Because of this, although it functions like a mutex, it's not what we consider a "mutex".

Mutex

A mutex can be thought of as building on top of an atomic spin lock (although it's not typically implemented as such, since they typically are implemented with support of the operating system and/or hardware).

In essence, a mutex is a step above atomic spin locks because it has a queue of waiting threads. This allows it to be "fair" because the order of lock acquisition is (more or less) the same as the order of locking attempts.

If you've noticed, if you run sizeof(std::mutex) it might be a bit larger than you might expect. On my platform it's 40 bytes. That extra space is used to hold state information, notably including some way of accessing a lock queue for each individual mutex.

When you try to lock a mutex, it performs some low-level thread-safety operation to have thread-safe access to the mutex's status information (e.g. atomic spin lock), checks the state of the mutex, adds your thread to the lock queue, and (typically) puts your thread to sleep while you wait so you don't burn precious CPU time. The low-level thread-safety operation (e.g. the atomic spin lock) is atomically released at the same time the thread goes to sleep (this is typically where OS or hardware support is necessary to be efficient).

Unlocking is performed by performing a low-level thread-safe operation (e.g. atomic spin lock), popping the next waiting thread from the queue, and waking it up. The thread that has been awoken now "owns" the lock. Rinse wash and repeat.

Shared Mutex

A shared mutex takes this concept a step further. It can be owned by a single thread for read/write permissions (like a normal mutex), or by multiple threads for read-only permissions (semantically, anyway - it's up to the programmer to ensure it's safe).

Thus, in addition to the unique ownership queue (like a normal mutex) it also has a shared ownership state. The shared ownership state could be simply a count of the number of threads that currently have shared ownership. If you inspect sizeof(std::shared_mutex) you'll find it's typically even larger than std::mutex. On my system, for instance, it's 56 bytes.

So when you go to lock a shared mutex, it has to do everything a normal mutex does, but additionally has to verify some other stuff. For instance, if you're trying to lock uniquely it must verify that there are no shared owners. And when you're trying to lock sharingly it must verify that there are no unique owners.

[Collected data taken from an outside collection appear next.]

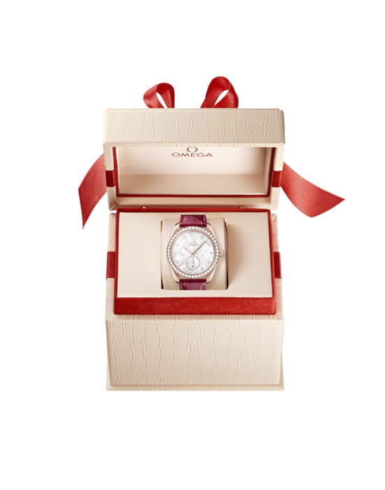 Omega Seamaster Aqua Terra выполнены в симметричном корпусе из 18K Sedna™ золота с волновым узором на задней крышке. Безель украшен бриллиантами, а циферблат дополнен окошком даты на 6 часах и малым секундным циферблатом с кольцом из 18К Sedna™ золота, инкрустированным бриллиантами. Стрелки и метки оснащены люминесцентным покрытиемЛюминесцентное покрытиеПозволяет считывать показания времени в темноте. Производители наносят на стрелки, часовые индексы, безель или поверхность циферблата светонакопительный состав, дающий холодное свечение. для лучшей читаемости в темноте. Индексы выполнены в виде бриллиантов, установленных в держатели из 18К Sedna™ золота. Калибр Omega 8803 сертифицирован как Master Chronometer — гарантия высочайшей точности и устойчивости к магнитным полям. Запас хода составляет 55 часов. Защиту циферблата обеспечивает сапфировое стеклоСапфировое стеклоПрочный и надёжный материал из кристалла сапфира синтетического происхождения, характеризующийся особой твёрдостью и устойчивостью к царапинам и повреждениям. с антибликовым покрытиемАнтибликовое покрытиеСлой оксида металла в 0,13-0,3 микрон, благодаря которому стекло часов не бликует и не отражает свет. Антибликовое покрытие уменьшает отражение света в 10 раз, обеспечивая отличную читаемость показателей циферблата. с обеих сторон. Водозащита позволяет использовать часы в воде без риска повреждения. Диаметр корпуса — 38 мм, между "ушками" — 19 мм, толщина — 12.7 мм. Часы установлены на кожаный ремешок. Вес модели — около 111 грамм. Это сочетание премиального качества, технологичности и классического дизайна.
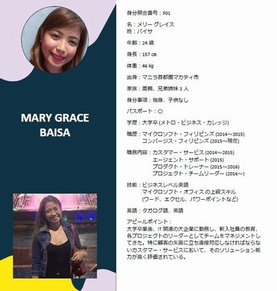 お見合い相手のデータファイルは次のサンプルのようにPDFでお送りいたします。氏名、年齢、身長、体重、出身地、家族構成、学歴、資格、職歴、技能、言語、アピールポイントが網羅されています。
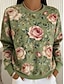 Mulheres Moletom Floral Casual Manga Longa Gola Redonda Tops regulares Casual Rua Dia a Dia Rosa Verde Primavera Outono Inverno
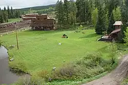 Latigo Ranch was founded as a dude ranch in Grand County, Colorado, by Frederick Kasdorf, Jr. It was originally named Snowshoe Ranch. Kasdorf single-handedly built the Main Log Lodge in 1923 soon after he and his wife arrived (by covered wagon from Denver) to homestead in the Kremmling area. He built up and ran the 550-acre (2.2 km2) Snowshoe Dude Ranch for over 30 years.
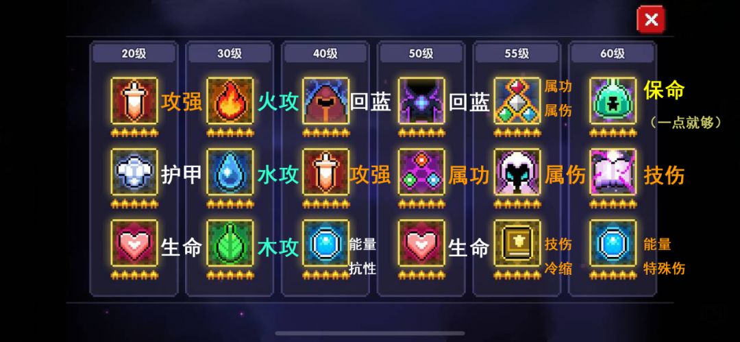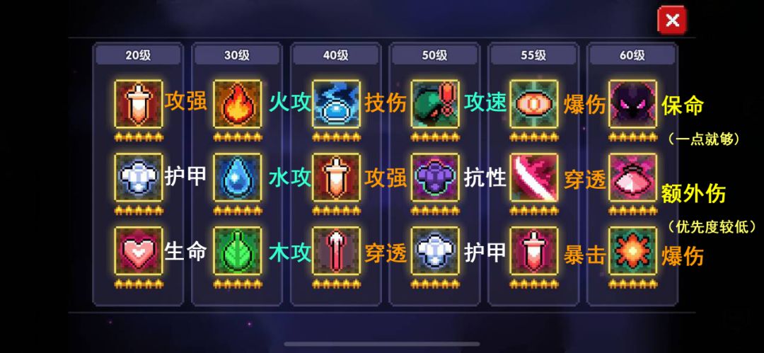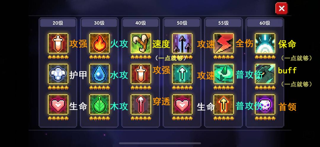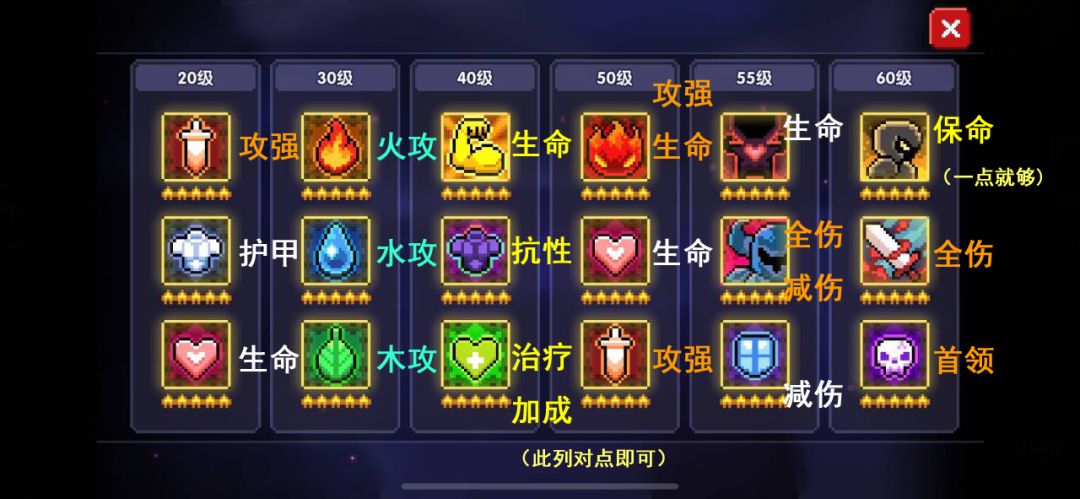 1:同一列出现多个橙色属性,则采用互点点法。(比如55级天赋第一列橙色是一星,第二列橙色是二星,当你有了足够的天赋人偶使这两者其中一个加一星级,那么优先点击第一列。即 同一列 橙色属性的星级相差数不大于 一 )
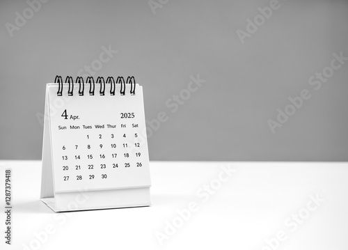 April 2025 page of desk calendar for organizer to plan and reminder, standing on white table on grey background with copy space. Small table calendar, front view, with the fourth month.
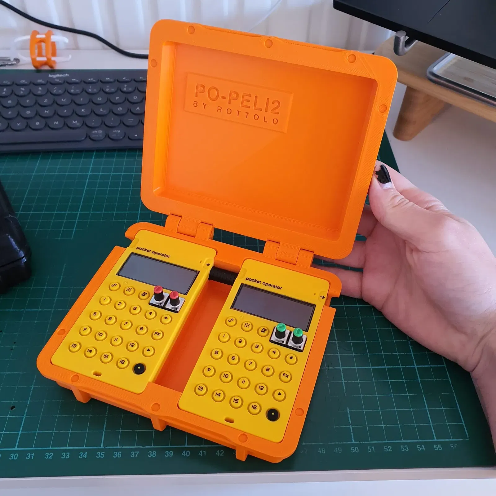 Thiết kế vỏ Pelican inspired để đựng 2 Pocket Operators cùng lúc, kèm theo vỏ silicon. Vỏ này được làm để dùng với connector AUX male-to-male và tùy chọn nam châm 5mm để đóng mở chắc chắn. Thoải mái chỉnh sửa để chứa thêm nhiều thiết bị hơn!

Because we typically want mutexes to be "fair", once a unique locker is in the queue, future sharing lock attempts must queue instead of acquiring the lock, even though it might currently be under sharing (i.e. non-unique) lock by several threads. This is to ensure shared owners don't "bully" a thread that wants unique ownership.

But this also goes the other way: the queuing logic must ensure a shared locker is never placed into an empty queue during shared ownership (because it should immediately succeed and be another shared owner).

Additionally, if there's a unique locker, followed by a shared locker, followed by a unique locker, it must (roughly) guarantee that acquisition order. So each entry in the lock queue also needs a flag denoting its purpose (i.e. shared vs. unique).

And then we think of the wake-up logic. When you unlock a shared mutex, the logic differs depending on the current ownership type of the mutex. If the unlocking thread has unique ownership or is the last shared owner it might have to wake up some thread(s) from the queue. It will either wake up all threads at the front of the queue who are requesting shared ownership, or a single thread at the front of the queue requesting unique ownership.

As you can imagine, all of this extra logic for who's locking for what reasons and how it changes depending not only on the current owners but also on the contents of the queue makes this potentially quite a bit slower. The hope is that you read significantly more frequent than you write, and thus you can have many sharing owners running concurrently, which mitigates the performance hit of coordinating all of that.